"We shall soon get the remaining forty," said Mary Rand. "They will be all agog to come on. Their positions are not so very pleasant as it is, poor things!"

"Perhaps sixty are about as many as we can manage for the present," said Kathleen. "Now, girls, I intend to present you each with a tiny badge. I have a bag full of them here. Will you each come forward and accept the badge of membership?"

Kathleen's badges were very much admired, the eager girls bending down towards the light of the lamps in order to examine them more thoroughly. She had strung narrow green ribbon through each of the little silver hearts, and the girls could therefore slip them over their heads at once.

"You must hide them," said Kathleen. "The thing about these badges is that you will always feel them pressing against your hearts, and nobody else will know anything about them. They belong to Ireland and to me—to the home of the free and to Kathleen O'Hara. They seal you as my loving friends and followers for ever and ever."

Girls are easily impressed, and Kathleen's words were so fervent that some of them felt quite choky about the throat. They received their badges with hands that very nearly trembled.

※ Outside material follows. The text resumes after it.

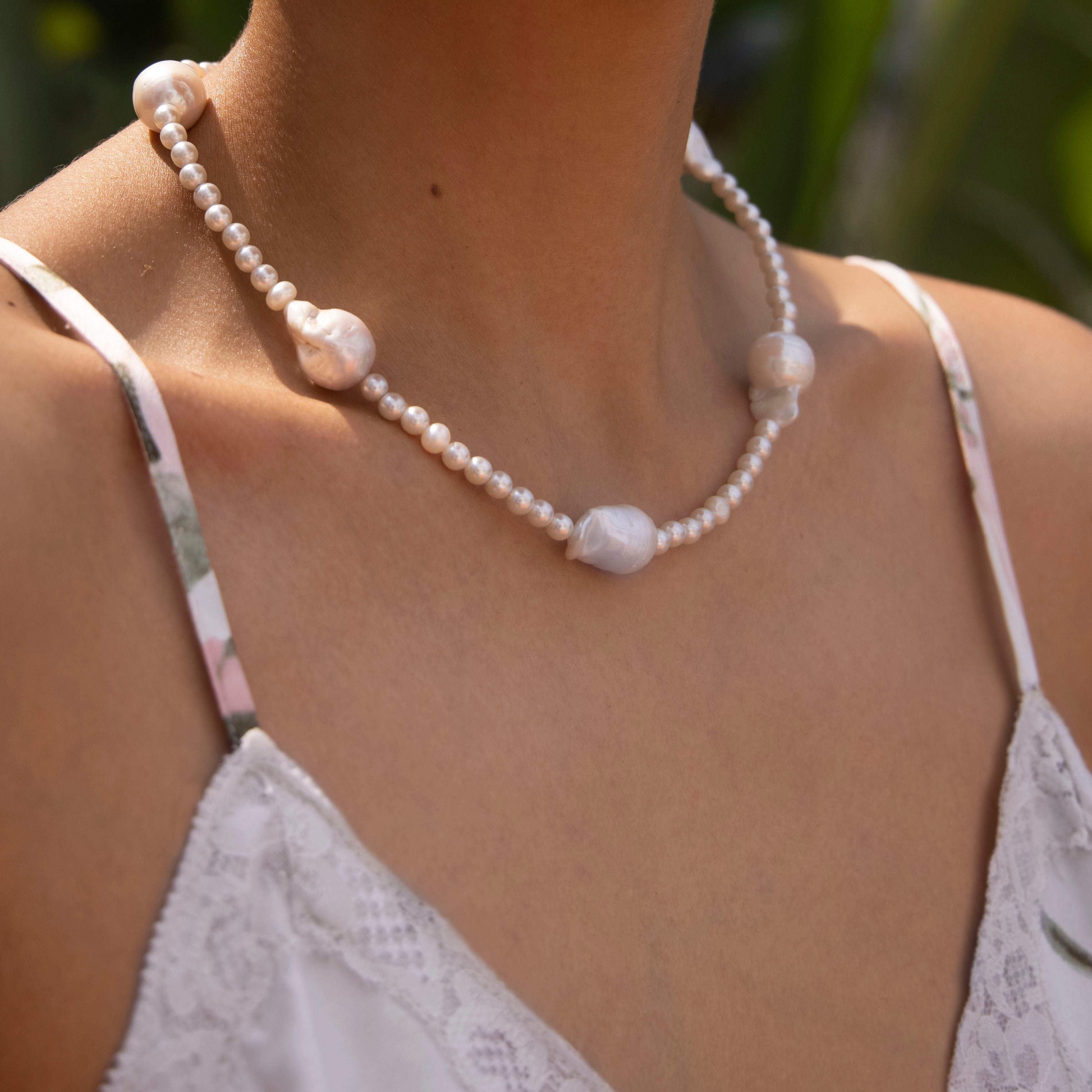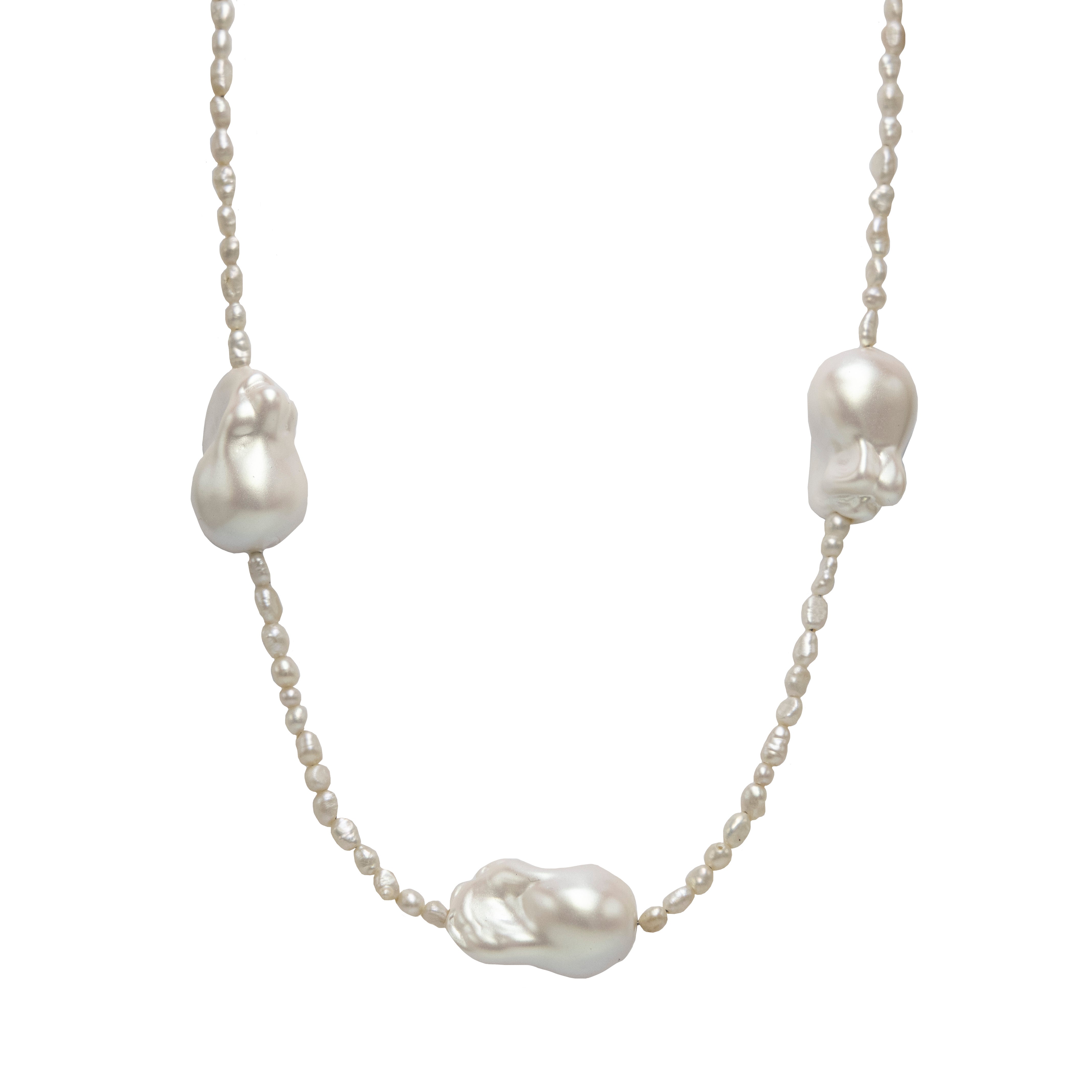 Destaca con nuestro collar corto de tres perlas barrocas en blanco, acompañadas por perlas mini tipo arroz, con un elegante broche de chapa de oro de 14k. La combinación de perlas barrocas y mini arroz crea una estética única, mientras que la chapa de oro añade un toque de lujo a esta pieza distintiva. Perfecto para resaltar tu elegancia con un toque de sofisticación

Kathleen next handed a slightly handsomer badge, but with exactly the same device, to the members of her Cabinet. Finally, she took the box of pale-blue cashmere blouses and opened it in the light of the lamps. The enthusiasm, which had been extremely keen before the appearance of the blouses, now rose to fever-height. Whom were these exquisite creations meant for? Kathleen smiled as she handed one to Mary Rand, another

to Ruth Craven, another to Kate Rourke, and finally to each member of her Cabinet.

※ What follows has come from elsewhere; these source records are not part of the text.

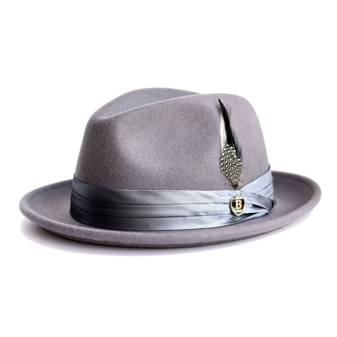This classic wool fedora 2XL is a must have accessory for anyone's wardrobe. It is crafted from 100% fine Australian Wool with a shine-on self-matching satin hat band. The brim measures 2.25" and snaps up and down so you can wear it how you choose!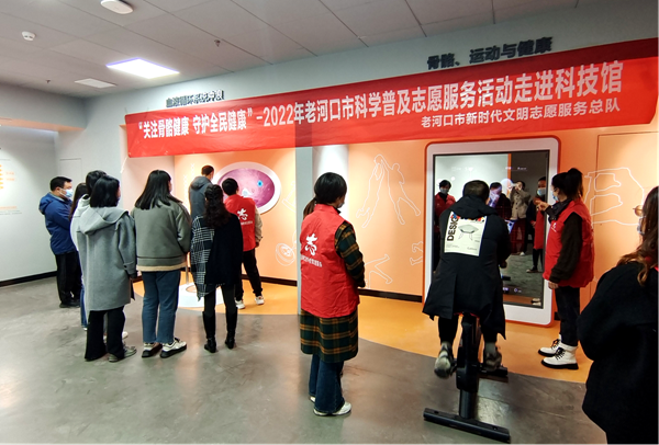 本网讯(通讯员 刘陈程)10月26日,“关注骨骼健康 守护全民健康”2022年老河口市科学普及志愿服务活动走进科技馆“人体之能”展区。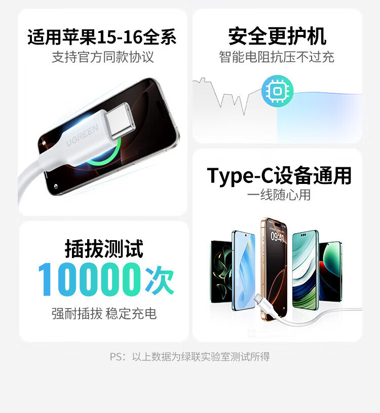 苹果16/15充电线Type-C数据线3A线USB-C车载Carplay适用iPhone16/15华为荣耀手机 USB转typec数据线黑色

"I wish I could give you all a blouse apiece," she said to the other girls of the society, "but I am afraid that is not within my means. I chose these sweet blouses on purpose, because I know you could wear them at any time, girls," she added, turning to the members of her Cabinet. "Outsiders won't know. They will wonder at the beauty of your dress, but they won't know what it means; but we will know," she shouted aloud to her companions—"we will know that these girls belong to us and to old Ireland, and in particular to me, and they will be faithful to me as their queen."

"Oh dear," said little Alice Harding, a pale-faced girl, who loved fine dress and never could aspire to it, "what means can I take to become a member of the Cabinet?"

"By being a very good outside member, and trusting to your luck," laughed Kathleen. "But the time is passing, and we must proceed to what little business is left for to-night."

Each member of the Cabinet took possession of her own blouse, wrapped it up tenderly, and tucked it under her arm. Kathleen desired some one to throw the tell-tale box away, and then she collected her followers round her.